### Exercise aim
Before copying, set the pictures aside; then repeat every line below verbatim.

### Supplied material
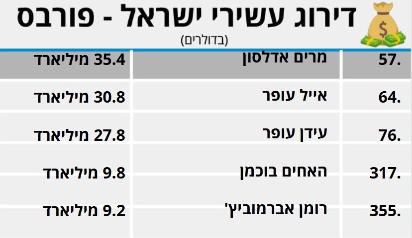 דירוג עשירי העולם של מגזין "פורבס" פורסם, ואיתו כמובן גם צמרת האנשים העשירים ביותר בישראל, עבורם היה זה שבוע לא פשוט בכלל. למרות ששוב רשמה הפסדים, הפעם של 43 מיליון דולר, מרים אדלסון שומרת על הפסגה עם הון אישי שמוערך ב-35.4 מיליארד דולר, כשהיא במקום ה-57 בעולם.
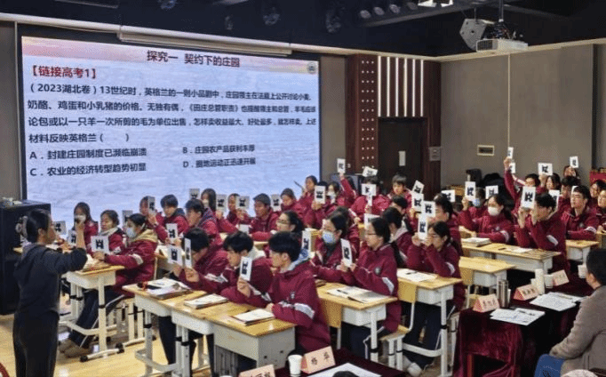市十五中青年教师、高三历史备课组长张丹以“契约视角下的中古西欧”为题呈现一节高三历史一轮复习示范课。创新性地融入了“微词云”“Plickers”等AI技术,打造出高效高质、务实可行的高三历史一轮复习课新样态。市十五中历史学科教研组长蔡红作点评。
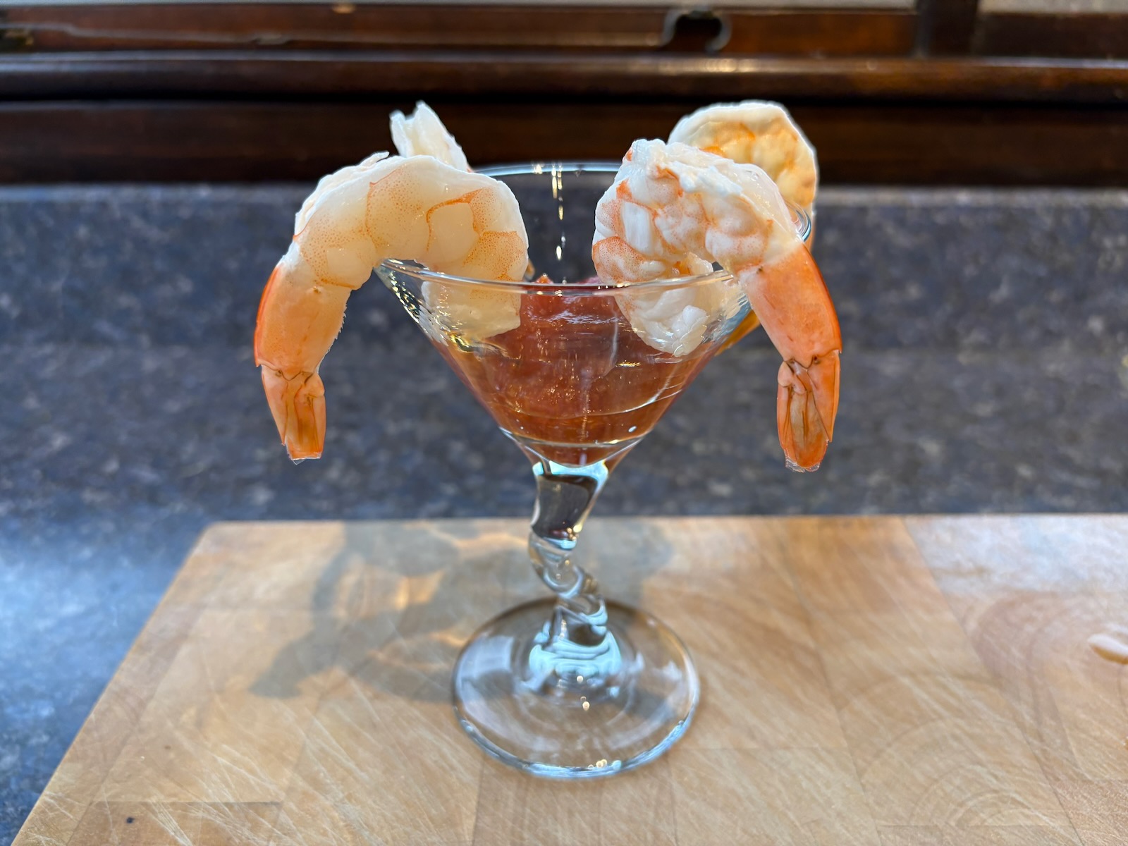Snack: Shrimp cocktail. A half glass of Bota Box cabernet sauvignon.

### Output below
 דירוג עשירי העולם של מגזין "פורבס" פורסם, ואיתו כמובן גם צמרת האנשים העשירים ביותר בישראל, עבורם היה זה שבוע לא פשוט בכלל. למרות ששוב רשמה הפסדים, הפעם של 43 מיליון דולר, מרים אדלסון שומרת על הפסגה עם הון אישי שמוערך ב-35.4 מיליארד דולר, כשהיא במקום ה-57 בעולם.
市十五中青年教师、高三历史备课组长张丹以“契约视角下的中古西欧”为题呈现一节高三历史一轮复习示范课。创新性地融入了“微词云”“Plickers”等AI技术,打造出高效高质、务实可行的高三历史一轮复习课新样态。市十五中历史学科教研组长蔡红作点评。
Snack: Shrimp cocktail. A half glass of Bota Box cabernet sauvignon.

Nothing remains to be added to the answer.